Ini Manfaat Membatasi Waktu Anak Menatap Layar TV dan Gadget

Torie Natalova    •    Jumat, 01 Dec 2017 11:04 WIB
gadgetkeluarga
Ini Manfaat Membatasi Waktu Anak Menatap Layar TV dan Gadget
Studi yang diterbitkan dalam jurnal Paediatrica mengklaim bahwa ada hubungan kuat antara obesitas dan pemaparan yang terlalu lama dan selama bertahun-tahun terhadap televisi, komputer atau gadget. (Foto: Pixabay)

Jakarta: Terkadang, sebagai orangtua Anda memilih untuk memberikan si kecil tontonan hanya agar bisa beristirahat sejenak atau memberi mereka waktu untuk tenang sementara. Namun, para orangtua sepertinya harus membiasakan untuk membatasi jumlah waktu si kecil menatap layar televisi atau gadget.

Penelitian baru menunjukkan bahwa anak-anak harus dibatasi pada waktu 90 menit untuk menonton gadget atau televisi.

Studi yang diterbitkan dalam jurnal Paediatrica mengklaim bahwa ada hubungan kuat antara obesitas dan pemaparan yang terlalu lama dan selama bertahun-tahun terhadap televisi, komputer atau gadget.

Balita, rata-rata menonton televisi satu jam setiap hari. Para ahli mengatakan, obesitas pada masa anak-anak telah meningkat dan cukup mengkhawatirkan.
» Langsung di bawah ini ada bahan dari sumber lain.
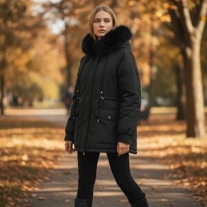 Puffit Faux Fur Mid-Length Hooded Drawstring Parka. NWT

Karenanya, para orangtua harus memahami dampak kesehatan dari sosial media dan penggunaan layar gadget atau televisi pada anak-anak mereka.


(Studi yang diterbitkan dalam jurnal Paediatrica mengklaim bahwa ada hubungan kuat antara obesitas dan pemaparan yang terlalu lama dan selama bertahun-tahun terhadap televisi, komputer atau gadget. Foto: Pixabay)

(Baca juga: Penelitian: Buku Lebih Mencerdaskan Anak Ketimbang Gadget)

Apa saja yang direkomendasikan para ahli selain membatasi anak-anak menatap layar hingga 90 menit?

1. Hindari meletakkan televisi di kamar tidur anak

2. Matikan televisi saat jeda iklan

3. Menahan diri dari penggunaan gadget atau televisi sebagai cara untuk menenangkan mereka

4. Orangtua harus juga mengurangi menonton televisi dan menggunakan media sosial

Studi juga menyoroti bagaimana menonton televisi di malam hari dan melihat sosial media memengaruhi kualitas tidur anak muda.